For me the Masser won on the styling & noise stakes but I found it's performance a huge let down, the ride crashy & the gear change very harsh. No doubt this newer model has moved things on, but at this event & around Milbrook, the Flying Spur was by far the most capable car & battered the other 2 in the performance stakes, it was that good I requested a 2nd run round the Alpine track & something very satisfying having a Bentley airborne


----------



## Bathurst (Apr 4, 2011)

KingOfTheGT-R said:


> Sorry mate I got you confused with someone else. I recognize your name from somewhere but obviously not the guy who was choosing between an E63 and a GTR.:runaway:


Hi that was me and in the end I did choose the E63 over the GTR after driving both. As an everyday car the E63 was the clear winner and more practical for a family man. 

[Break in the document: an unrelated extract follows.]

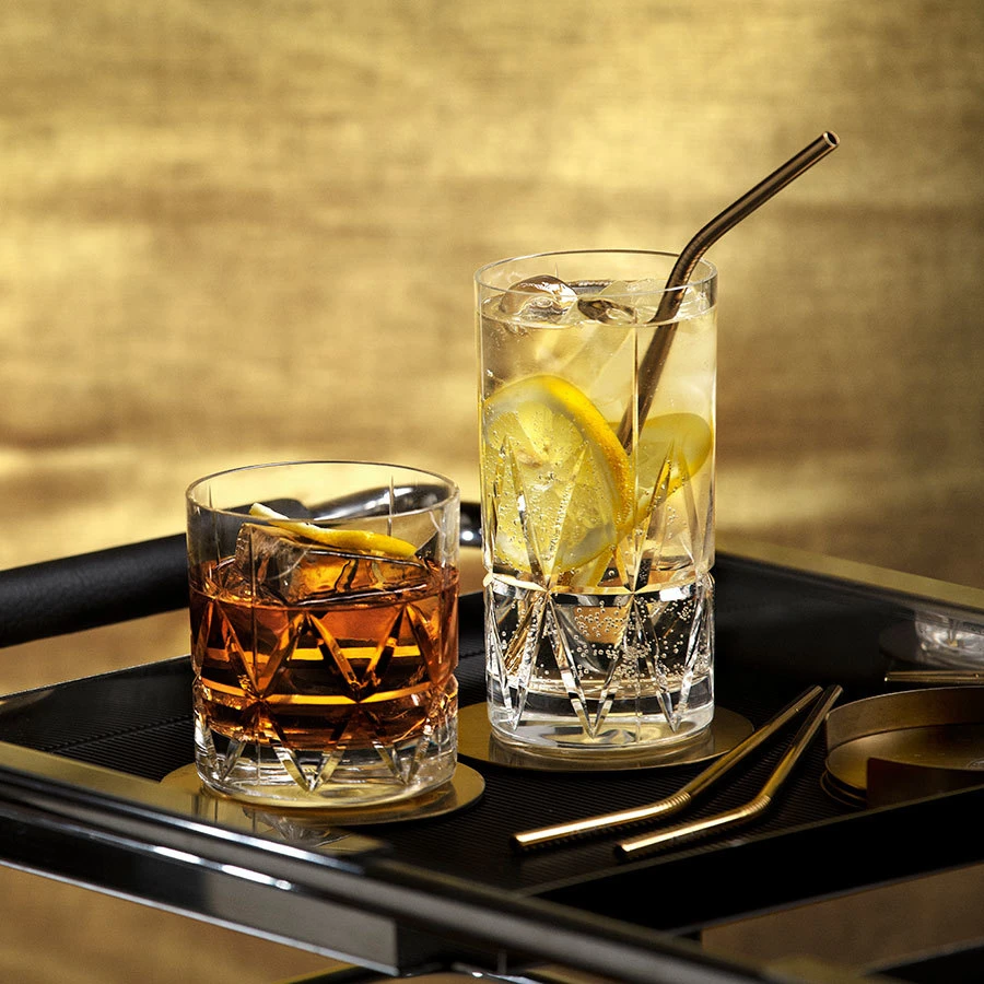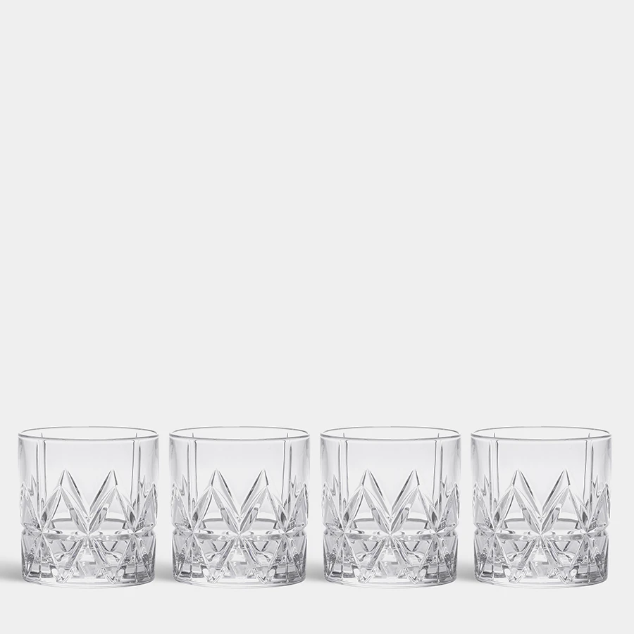 Peak Double Old Fashioned from Orrefors, available as a set of 4, holds 11.5 oz and is an ideal bar glass for spirits and cocktails. The motif on the glass is inspired by the majestic mountain peaks from the northern regions of Scandinavia. Designed by Martti Rytkönen.

I will update the original thread when I get a moment with my thoughts on both cars and my dealer experiences.

T.


----------



## KingOfTheGT-R (May 21, 2011)

Bathurst said:


> Hi that was me and in the end I did choose the E63 over the GTR after driving both. As an everyday car the E63 was the clear winner and more practical for a family man.
> 
> I will update the original thread when I get a moment with my thoughts on both cars and my dealer experiences.
> 
> T.


 Aw thank god I got you lol I was wondering what you chose... Haha. I had a feeling you would choose the E63 over the R35.


----------